Michiel:           You have to ask her for that….

Barro:             Scoring the winning try for HRC against Boisfort in the 2002 Eurocup final in the final seconds of the match.

Most beautiful trip? And why?

Michiel:           Canada 1987 and 1991 with the HRC colts. We then travelled through Ontario for almost a month with three vans filled with HRC colts. Every few days a new club, a new host family and new memories. We only played against senior teams, won almost everything and made it to the final of a major National Sevens tournament. In that month, my rugby friends became my rugby family. We came back to the Netherlands and nobody could make us do anything anymore. And that’s only based on those tour guys who can call me at 3:30 am if they need anything. Some do that too… usually just after too much beer. 😊

Barro:           The most beautiful trip I made was a trip to South Africa with the colts in 1997. A three-week tour with 6 games. We won 3 and lost 3. The great thing about that team was that a few years later, 80% of them were in the first of HRC. We then won many prizes. We were a very good group. I also went on tour with the Netherlands in Northern Ireland. The following year I went back and stayed there for 6 years.

What personally is your highest played rugby match in terms of level?

Michiel:          Dutch Team and Ereklasse

Barro:              My debut for the Dutch team was against Scotland A at Murrayfield 1999. I was only 18 years old at the time. We lost by a big margin then and I scored a try, but it was unjustly rejected, just ask Arno Seybel…

Is that also your best rugby moment? If not, which one then?

Michiel:            My favourite rugby moment is my debut for the Netherlands against Australia in Den Bosch. I was allowed to play for fifteen minutes, passed three balls and came off covered in scratches and blood from the field because I was in the wrong position in my first ruck. We played against John Eales, who would claim the World Cup a few years later as captain of Australia.

Barro:            The most beautiful rugby moment for me has to be getting “man of the match” in a match against Sweden in Sweden.
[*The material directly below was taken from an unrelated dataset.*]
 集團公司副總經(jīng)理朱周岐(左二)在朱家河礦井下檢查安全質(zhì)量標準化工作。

I had the night of my life. The most beautiful moment internationally seen must be the performance of Japan in the previous World Cup.

I like my underdogs.

 Finally, not entirely unimportant, “How many seconds”?
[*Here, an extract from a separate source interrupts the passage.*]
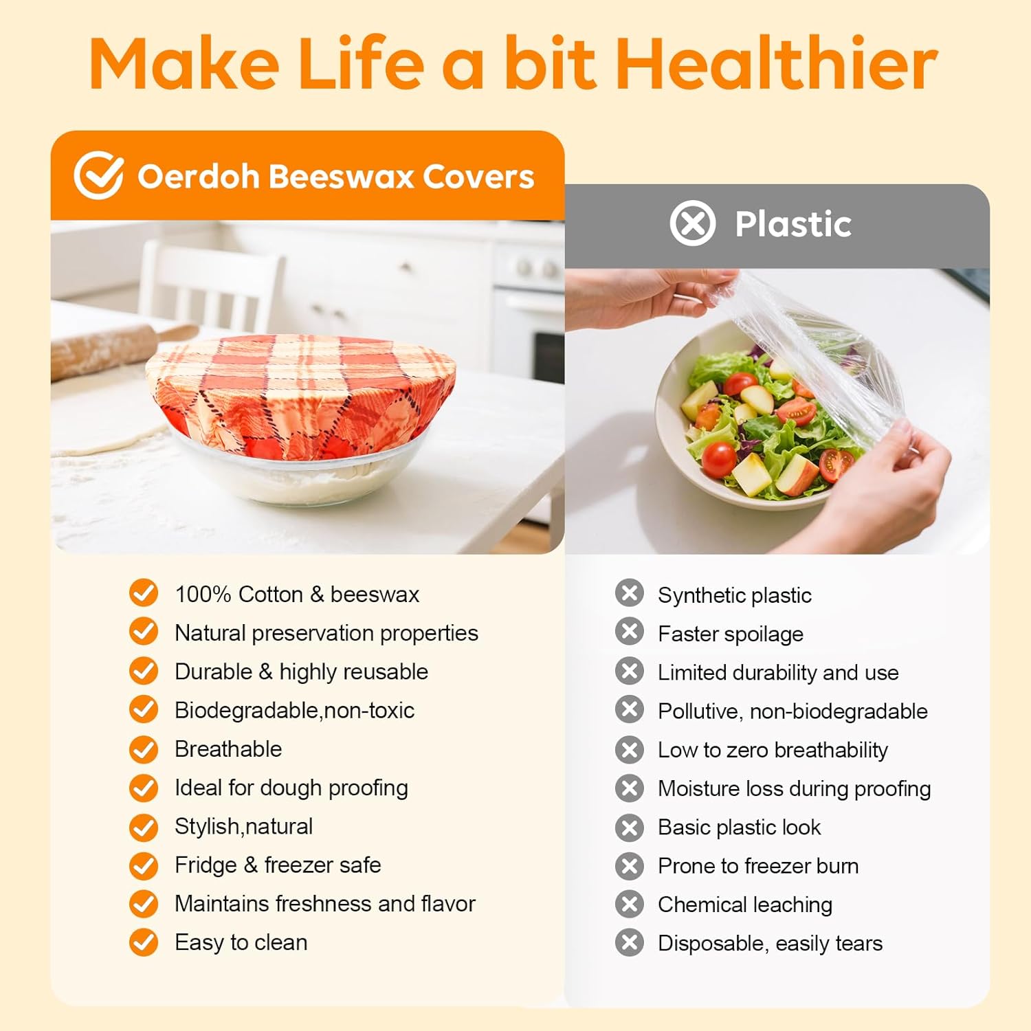 Oerdoh Bread Baker Set, 2 Packs XL Beeswax Braed Bag with Sealing Zip and 5 Packs Beeswax Bowl Covers (Maple Leaf Yellow)

Barro:           The students will soon find out what character training is… “counting seconds” will soon become irrelevant.

Michiel:           That answer is also simple.


I drink with friends. And that’s not what you guys are. We are your coaches and will keep our distance from 3rd half “Shenanigans”. Our task lies in the halves before them, for fun you’ll find enough ways yourself. That may suddenly sound harsh, but we keep that distance. After a win, we are certainly straight on the Spa red, we’ll definitely join for a beer, but we’ll celebrate the real celebration when we return home with our friends. Rugby and enjoyment are inextricably linked, in fact, it cannot be done without each other. But “How many seconds?” Is a question you will never ask me. Hopefully, we are in the group because of our personality and commitment, not because of the speed with which I down a beer.

That said, I can really enjoy it from a distance, and I like to encourage my friends to join for a third half at the club. From this season we will combine that student atmosphere to the right mentality on and around the field and that combination will ensure that the RSRC is going to have great times, we are sure of that!